When the court met at Upper Wentworth Josephine applied for her divorce, and much gossip was occasioned thereby. Josephine herself never spoke of the matter and allowed no one to speak of it to her. Even Zillah for once was cowed into silence. But one afternoon, when the latter was away, William ventured to mention it to Josephine.

“I saw Gilbert down at the store today, Josephine. He looks terrible haggard and thin and hasn’t a word to throw to a dog. Don’t you think you were rather hasty, suing for a divorce? You shouldn’t have let Zillah argue you into it if you didn’t want it.”

“I did want it,” said Josephine. Her voice was sullen and proud, but the hands that held her sewing trembled. “I did it of my own free will. He’s after Caddy Evans and I don’t intend to stand in his way.”

William rolled his tobacco thoughtfully in his hands. Zillah had always told him he was stupid and sure to make a mess of any affair he meddled with. But he did not see how this matter could be any worse than it was, so after a pause he went on, “I don’t believe there’s any truth in that gossip about him and Caddy. He drove her home from prayer-meeting one night when it was pouring rain and she was walking alone—and another time he gave her a lift on the road—and it all started from that. I believe Gilbert loves you yet, Josephine.”

Josephine’s mouth grew harder.

“It looks as if he did when he’d go and tell Lonzo Farrer that he wished he was free of me.”

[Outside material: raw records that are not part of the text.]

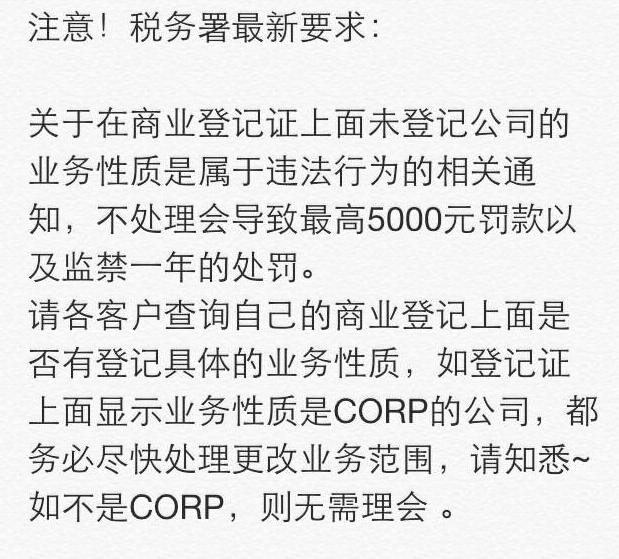 香港公司商業(yè)登記證上面顯示業(yè)務(wù)性質(zhì)是corp的公司是不是要罰款?
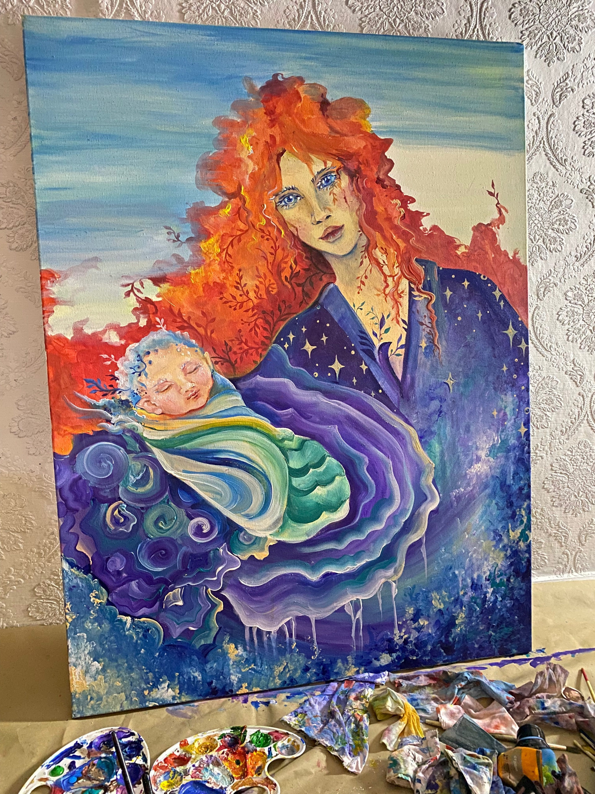 для всех любителей покричать это «нейросеть» это кусок творческого процесса с недописанной картиной моим бардаком и плохим светом
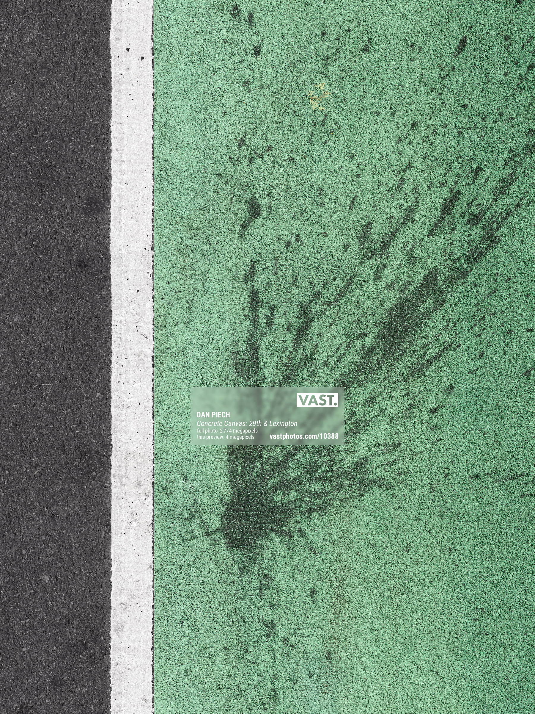 Dan Piech's Concrete Canvas series captures the accidental beauty that serendipitously occurs when the concrete beneath New Yorkers' feet is inadvertently graced by spilled paint, fallen debris, expanding cracks, chemical stains, and other delightful visual elements. An avid runner, Piech has spent over three years traversing every single Manhattan street in search of these overlooked "artworks" that have become part of the fabric of the city.
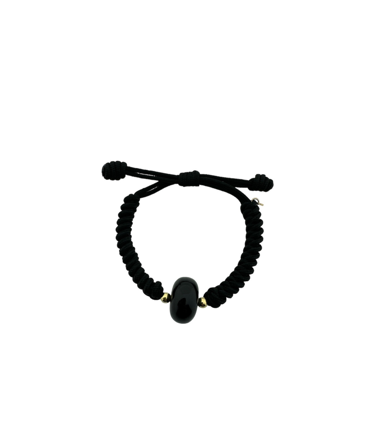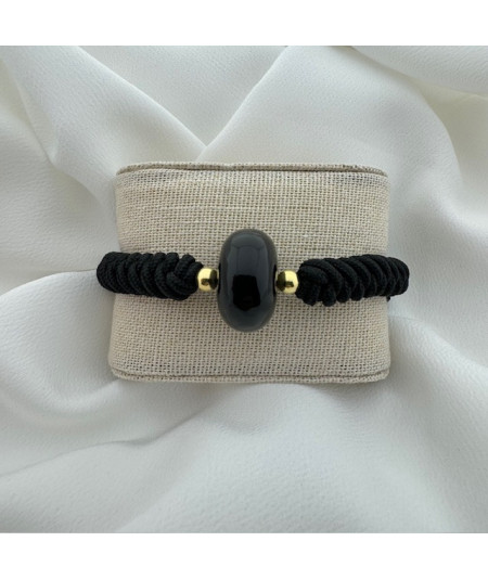 Pulsera con bola de ónix y piezas de oro18kt con macramé.
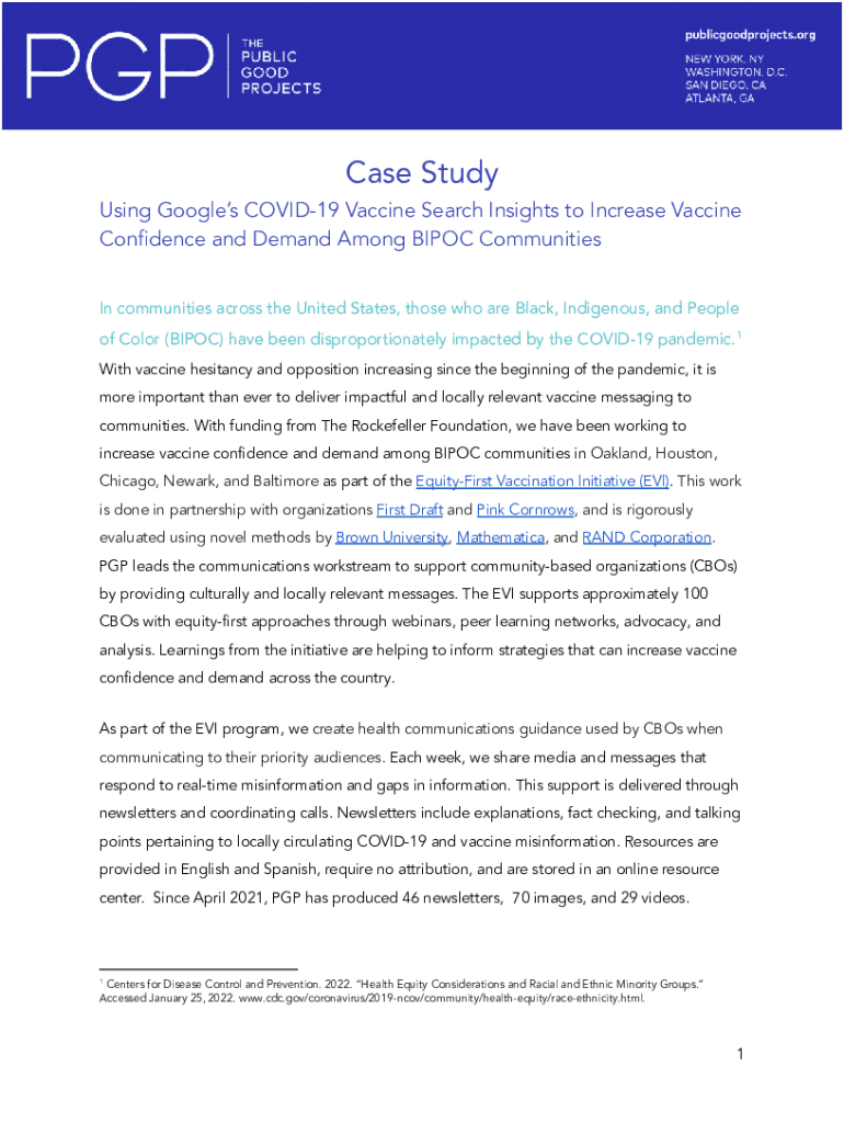 Case Study Using Googles COVID19 Vaccine Search Insights to Increase Vaccine Confidence and Demand Among BIPOC Communities In communities across the United States, those who are Black, Indigenous,

“Well, I never heard the rights of that story. Maybe he never said such words and if he did you don’t know how he might have been goaded. I daresay people have told him things too.”

“I don’t care,” said Josephine dully. “I don’t want to change my mind and you’d best let matters be, William. You can’t help them any now.”

“Josephine,” said Zillah one evening, a few days later, “Lawyer Stirling took the papers up today to serve on Gilbert. He’s got them by this time. You’ll soon be a free woman.”

Josephine was washing the milking pails on the backdoor platform. The November evening was raw and chill and her hands and face were blue with cold, but at Zillah’s words a tide of color surged up in her cheeks. She made no response, however, and Zillah, after waiting a moment, went into the house, slamming the door in her petulant disappointment.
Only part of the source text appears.